A esta joven artista se la ha comparado insistentemente con Arcángel, por la afinidad geográfica y por la voz meliflua, la buena vocalización y el regusto clásico de su cante. Ayer quedó patente, además, algo que no se evidencia tanto en su disco: la semejanza de sus agudos con los de Estrella Morente. Aunque diferentes en el fondo, ambas responden a un estilo de cantaora que agrada el oído de quienes no suelen oír flamenco, pero están dotadas de una autenticidad que también complace a los aficionados. Les asiste por igual la suavidad de la canción española y la verdad doliente y oscura de lo jondo.
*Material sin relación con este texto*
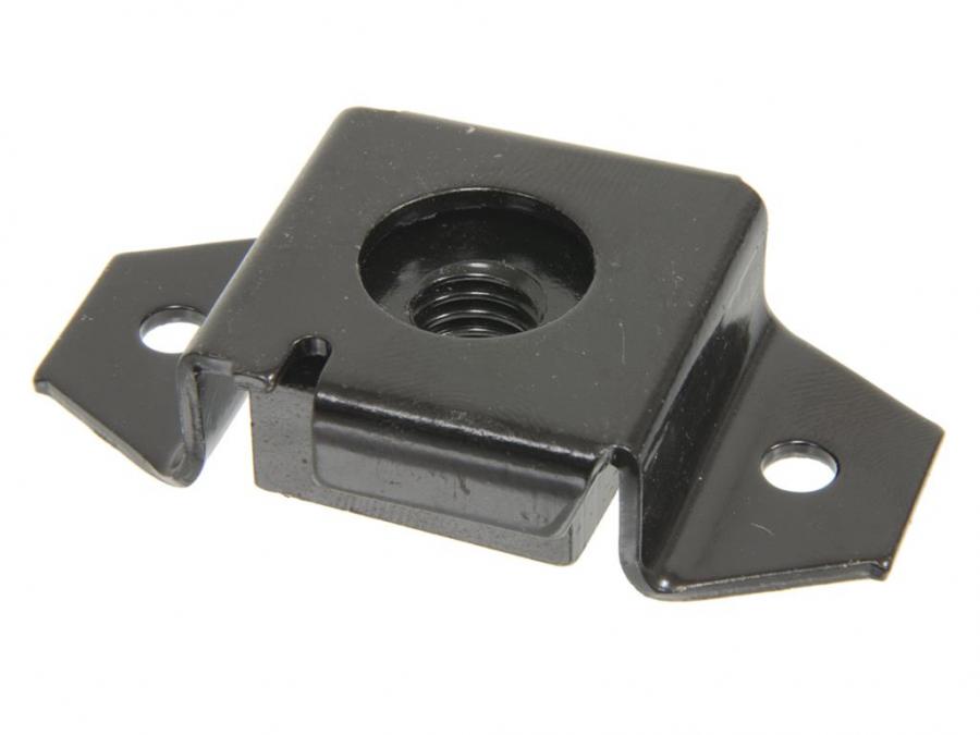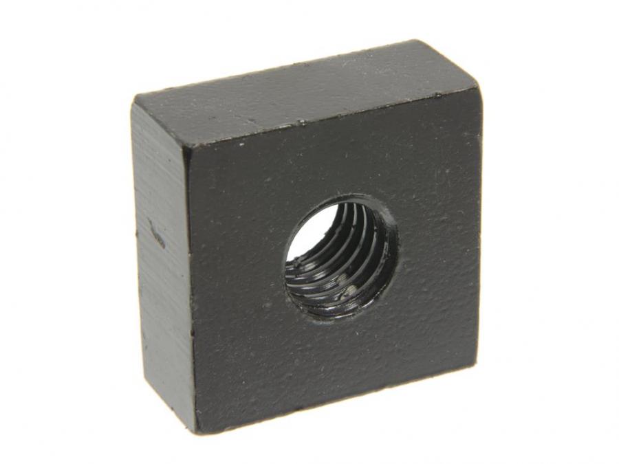 This body mount nut is 1 inch square x 7/16 inch thick. The threaded hole is 7/16 inch x 14 thread.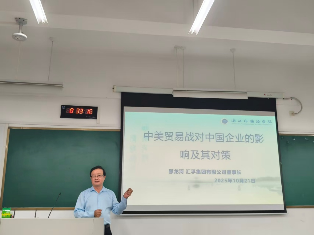 10月21日,汇孚集团有限公司董事长邵龙河先生应邀为英文学院全体23级商务英语、24级国际关系专业学生作题为“中美贸易战对中国企业的影响及其对策”的讲座。区域国别与商务英语系教师何习尧、章珏参加讲座,区域国别与商务英语系教师陆海霞主持。
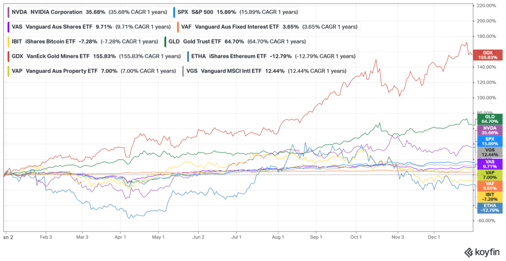 Speaking of interest rates, the Vanguard Australian Fixed Income ETF (which holds a lot of government bonds) was up 6.07% in late October, but that return trickled away to a 3.65% gain for the full year when interest rates started to back up in November and December.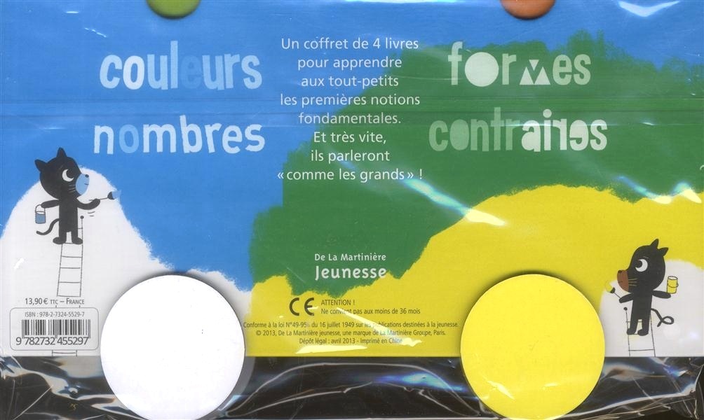 Quatre livres tout-carton dans un coffret pour éveiller les petits ! Chaque livre, avec ses 6 doubles-pages, permet un apprentissage très précis et clair. L’enfant apprend les couleurs, puis les formes, les nombres et les contraires sans avoir à assimiler trop de notions à la fois. Un livre = une notion. Le format est également spécialement adapté aux petites mains de bébé. C'est un projet qui se positionne comme étant un objet de pur apprentissage, mais pas uniquement ! L'illustrateur a travaillé ses images de façon humoristique et tendre.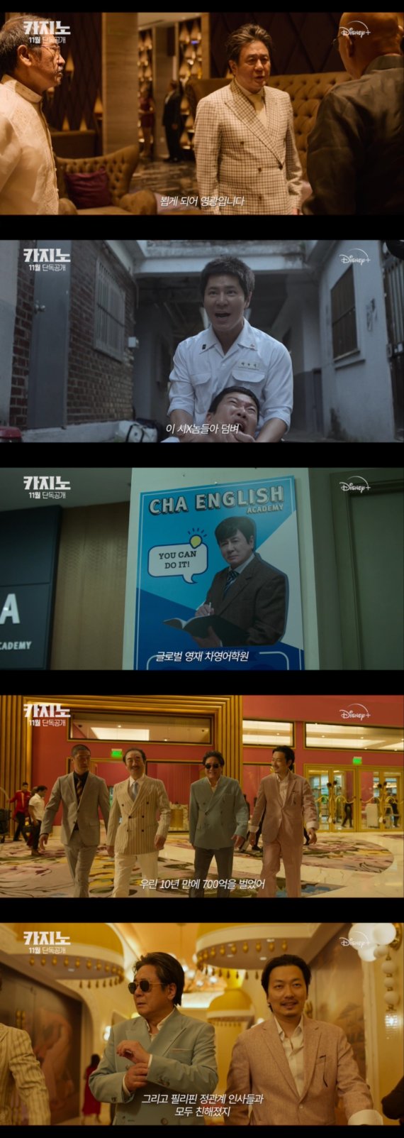 디즈니+는 15일 '카지노'의 11월 공개 확정을 알리며 이와 함께 주연 배우 최민식, 손석구, 이동휘, 허성태 등의 모습이 담긴 티저 예고편을 공개했다.

Arropada por un sobrio y elegante Manolo Herrera, uno de esos cada vez más raros guitarristas que se abstienen de disputarle protagonismo al cantaor al que acompañan, Rocío Márquez prescindió de microfonía para hacer alarde de los excelentes metales de su garganta. En las vigas del Dormitorio alto de Santa Clara se podían asar pollos, tanta calor hacía, pero sobre el escenario todo fue templanza.

Llegó la onubense allá donde se propuso, moduló a su antojo y supo arrancar oles entusiastas en muy bien dosificados momentos de arrebato.A pesar de su juventud, Rocío Márquez parece una artista curiosa de lo antiguo, y con su repertorio bien abastecido de recursos clásicos. Se acordó de la Niña de los Peines y su Tango de los ojos negros, como de Juana la del Revuelo en el mismo palo, o de Valderrama en los melismas con los que adornó varias letras. También interpretó una guajira preciosa, que hizo correr una brisa caribe por la sala, perfumada de coco y guanábana. Los que preferimos las voces un poco más desaforadas, de esas que tienen a bien quebrarse como una caña de vez en cuando y no dudan en cantar con faltas de ortografía, la intachable perfección de Rocío Márquez puede llegar a resultarnos en algunos momentos, sólo en algunos momentos, un poco desalmada.

No obstante, la riqueza del repertorio y el buen gusto de Márquez permiten hablar de contrastada realidad donde ayer decíamos promesa. Es miel, y además no empalaga.